Secondly, a global combination module is provided, all different clues can be effectively combined, and the soft segmentation effect of the object is obviously improved.
Third, combining and using the atrous convergence and PSP scene analysis to obtain larger receptive field and global information, and fusing the characteristics of different scales to obtain clearer image soft segmentation. The easier it is to achieve global consistency and discriminate local details using a multi-scale discriminator.
And fourthly, providing a lightweight interactive branch, performing artificial interference guidance on the model, and improving the generalization of the system.
And fifthly, providing the GAN network to combine image soft segmentation and image generation to perform background replacement. And carrying out unsupervised game between the generator and the discriminator, optimizing the model, and finally generating a background replacement picture which has little difference with the real picture.
Drawings
FIG. 1. an atrous restriction network.
FIG. 2. pyramid scene parsing Module (PSP).
FIG. 3 is a network of image soft segmentation.
Fig. 4.GAN network flow diagram.
Detailed Description
The system comprises two parts, alpha prediction and background replacement of the image. The first partial image soft segmentation comprises five modules: the system comprises an input module, a full-text combination module, a residual error network module, a pyramid scene analysis module and a lightweight interactive branch module. The second partial image composition includes a generator model and a discriminator model.
Alpha prediction of an image. One picture contains 7 elements, foreground F (R, G, B), background B (R, G, B) and foreground mask alpha matte (α), so the image equation can be expressed as:
Ii=αiFi+(1-αi)Bi
to obtain high quality soft segmentation, the system needs to predict the accurate foreground and alpha matte. The first part introduces the following modules:
1. and an input module, namely preprocessing of data. The manual labeling of trimaps is expensive, and to overcome this drawback, a background map without target objects is added instead.

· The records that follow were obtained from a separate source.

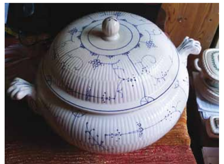
Fotodel on valik nõusid erakollektsionäär Epp Eelmaa kogust. Ka tema tuleb oma asjadega laadale.

värvid, mida kasutavad kunstnikud. Pakutakse ka valget portselani ning Eesti kunstnike maalitud portselani ja keraamikat.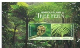
小全張 (AU460) $20.00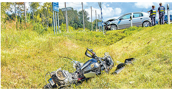
Pärast kokkupõrget lendas mootorratas maanteekraavi.

Avariitoomus kl 13 Ääsmäe-Rohuküla 58. kilomeetril, Ridala-Nigula tee ristmikul. Haapsalu politseijaoskonna väljuhi Lauri Pöllula sõnul sõitis mootorratas Haapsalu suunas ja sõiduauto Opel tahtis sõita Ridala-Nigula maanteelt otse üle Tallinna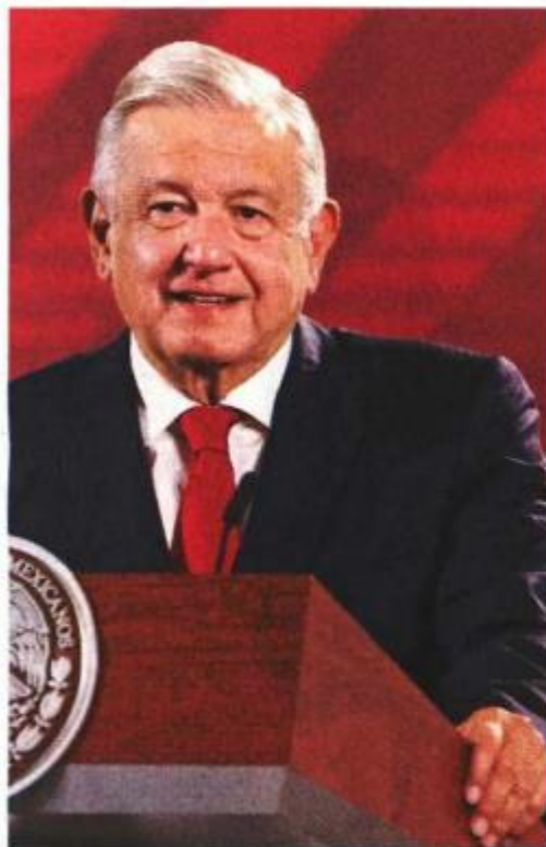
El presidente Andrés Manuel López Obrador aplaudió la iniciativa de la diputada del PRI.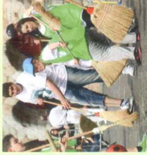
Attività Psicopedagogiche Gioca Sport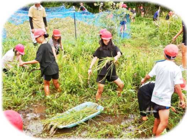
9月19日、若宮小学校の稲刈り

The input requirements of the system are an image under static conditions, plus an image of the background only, the imaging process is simple and can support the taking of any camera set to lock exposure and focus, e.g. a smartphone camera. Assuming that the camera motion is small, a homography matrix is applied to align the background with the given input image. And finally, obtaining initial soft segmentation of the subject object through corrosion, expansion and Gaussian blur.
In conclusion, the data preprocessing obtains three parts of an original image (I), a background image (B) and a target soft segmentation image (S).

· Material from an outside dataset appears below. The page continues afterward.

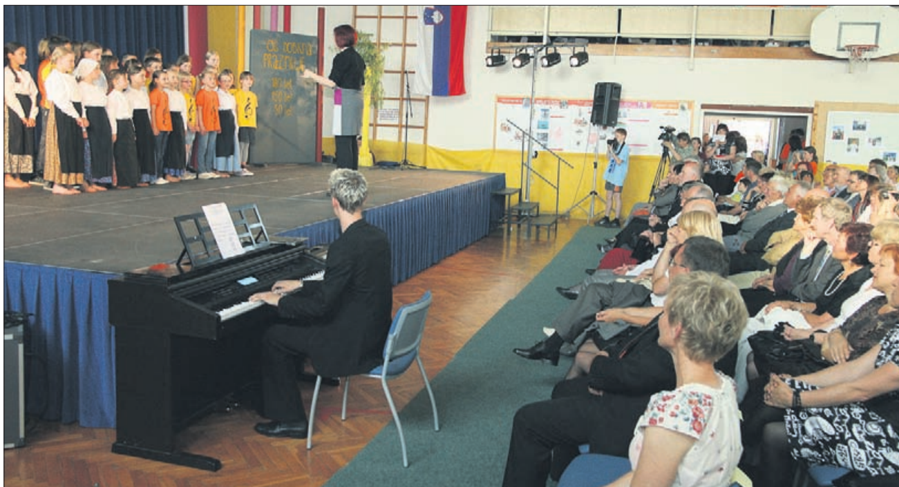
Pogled na polno dvorano in otroški pevski zbor, ki je uvedel glasbeni del programa slavnostne akademije ob jubileju šolstva na Dobrni. OŠ Dobrna je ob tej priložnosti dobila svojo himno.

2. The modules are combined in full text. The system uses a new full-text combination network to effectively combine all clue characteristics. For example, when the color of the target object is similar to the background, the network should focus more on segmentation cues for the region rather than pixel differences, which avoids internal holes and blurring artifacts that may occur in soft segmentation. The specific implementation is as follows:
the I, B and S images are respectively coded into feature maps of 512 x 256. And combining B and S by taking an original image as a substrate to form two feature maps of 512 channels, extracting 64-channel feature maps respectively by convolution and BatchNorm and ReLU, connecting the substrate and the two 64 channels in parallel to form 384 channels, and reducing the substrate and the two 64 channels into 256-channel feature maps by convolution and BatchNorm and ReLU to be used as the input of the next residual error network module. Full-text composition systems facilitate generalization across different datasets and domains.
3. And a residual error network module. By taking the experience of ResNet, the system adopts a residual error network in the main module. The backbone network selects the architecture of ResNet-101, with the full connectivity layer and the max pooling layer removed of course, and introduces an aperture constraint in the last two phases to ensure that pixel level prediction is performed and an acceptable output resolution. Sparse prediction of the atrous convergence can obtain a larger receptive field, enable example soft segmentation boundaries to be clearer, and enable interaction with a following aggregation module.
The output of the main residual error network belongs to shared residual error content, and two light-weight branch residual error networks are connected behind the main residual error network and are respectively used for foreground prediction and alpha prediction. And the foreground prediction branch continues to pass through the residual block, is aggregated by a pyramid scene analysis module, and is connected with a group of convolutions, bilinear interpolation upsampling, BatchNorm and ReLU to obtain the final foreground heatmap. The Alpha prediction branch passes through a residual block, is connected with a pyramid scene analysis module, and is connected with a group of convolution, bilinear interpolation upsampling, BatchNorm and Tanh to obtain the final Alpha prediction, and the reason for using Tanh is that the Alpha matte value of each pixel needs to be between 0 and 1.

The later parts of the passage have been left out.